Data records:
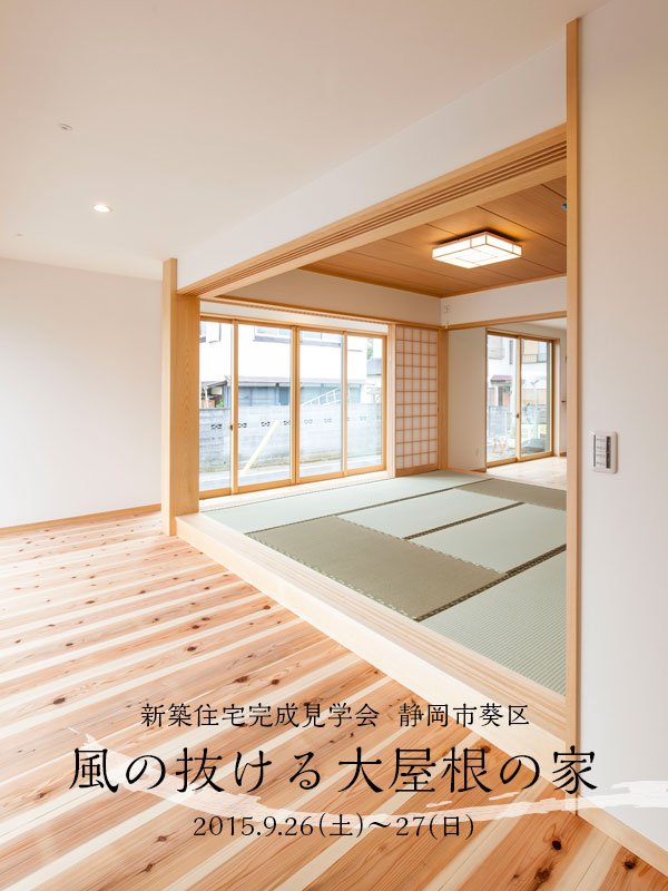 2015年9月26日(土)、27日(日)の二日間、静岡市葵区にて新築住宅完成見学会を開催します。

--

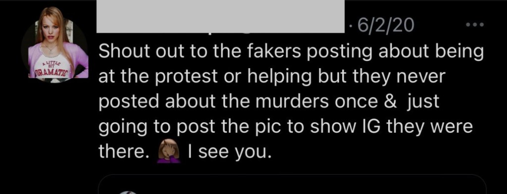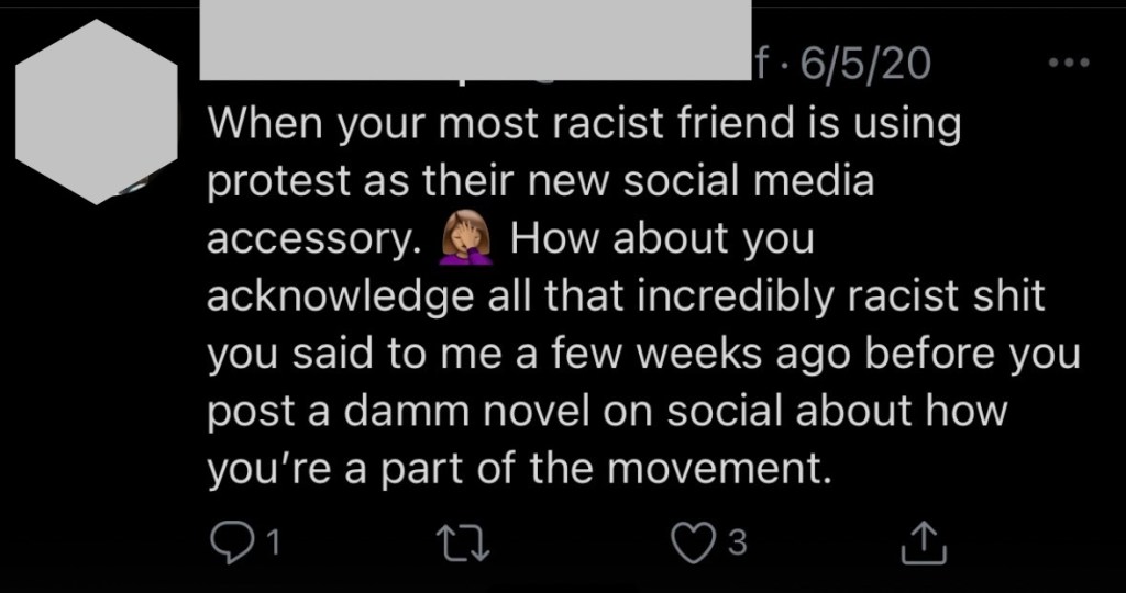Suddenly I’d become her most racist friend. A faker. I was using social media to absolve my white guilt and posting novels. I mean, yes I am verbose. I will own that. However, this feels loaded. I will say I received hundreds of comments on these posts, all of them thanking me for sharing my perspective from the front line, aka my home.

...

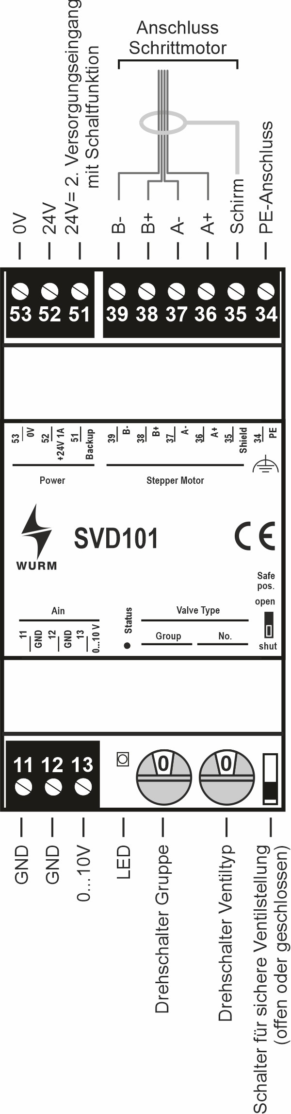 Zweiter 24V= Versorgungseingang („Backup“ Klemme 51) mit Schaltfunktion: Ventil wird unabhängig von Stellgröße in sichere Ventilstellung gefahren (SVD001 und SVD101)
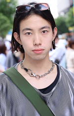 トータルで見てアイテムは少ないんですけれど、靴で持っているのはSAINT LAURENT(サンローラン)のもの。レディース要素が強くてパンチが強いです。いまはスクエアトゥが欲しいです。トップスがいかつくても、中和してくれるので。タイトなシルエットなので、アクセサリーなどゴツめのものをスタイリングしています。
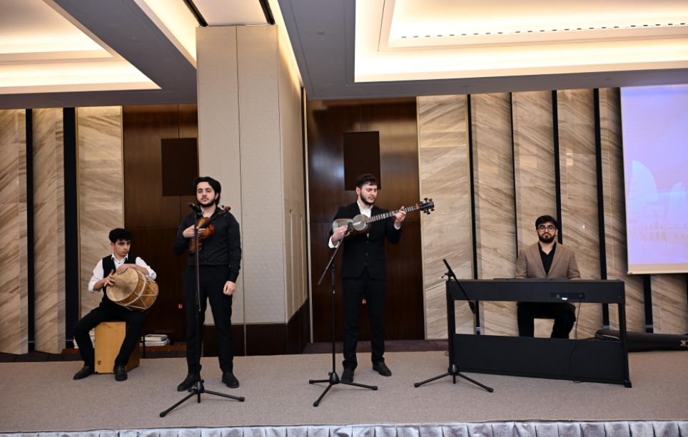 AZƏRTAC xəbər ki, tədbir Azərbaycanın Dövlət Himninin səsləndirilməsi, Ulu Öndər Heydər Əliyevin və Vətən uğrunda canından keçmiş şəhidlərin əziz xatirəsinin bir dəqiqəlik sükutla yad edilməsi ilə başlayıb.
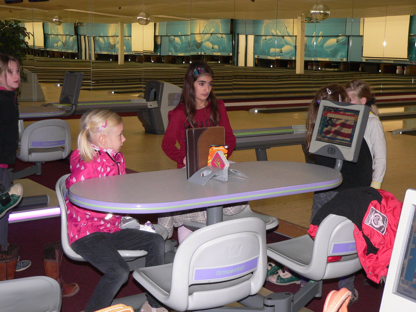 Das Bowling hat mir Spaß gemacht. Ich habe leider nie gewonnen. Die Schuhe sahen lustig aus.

Instructions for the task: Using the data above, retype exactly the lines from the line with "AZƏRTAC xəbər ki, tədbir" to the line with "Das Bowling hat", inclusive. No pictures and nothing else.

Response area:
 AZƏRTAC xəbər ki, tədbir Azərbaycanın Dövlət Himninin səsləndirilməsi, Ulu Öndər Heydər Əliyevin və Vətən uğrunda canından keçmiş şəhidlərin əziz xatirəsinin bir dəqiqəlik sükutla yad edilməsi ilə başlayıb.
 Das Bowling hat mir Spaß gemacht. Ich habe leider nie gewonnen. Die Schuhe sahen lustig aus.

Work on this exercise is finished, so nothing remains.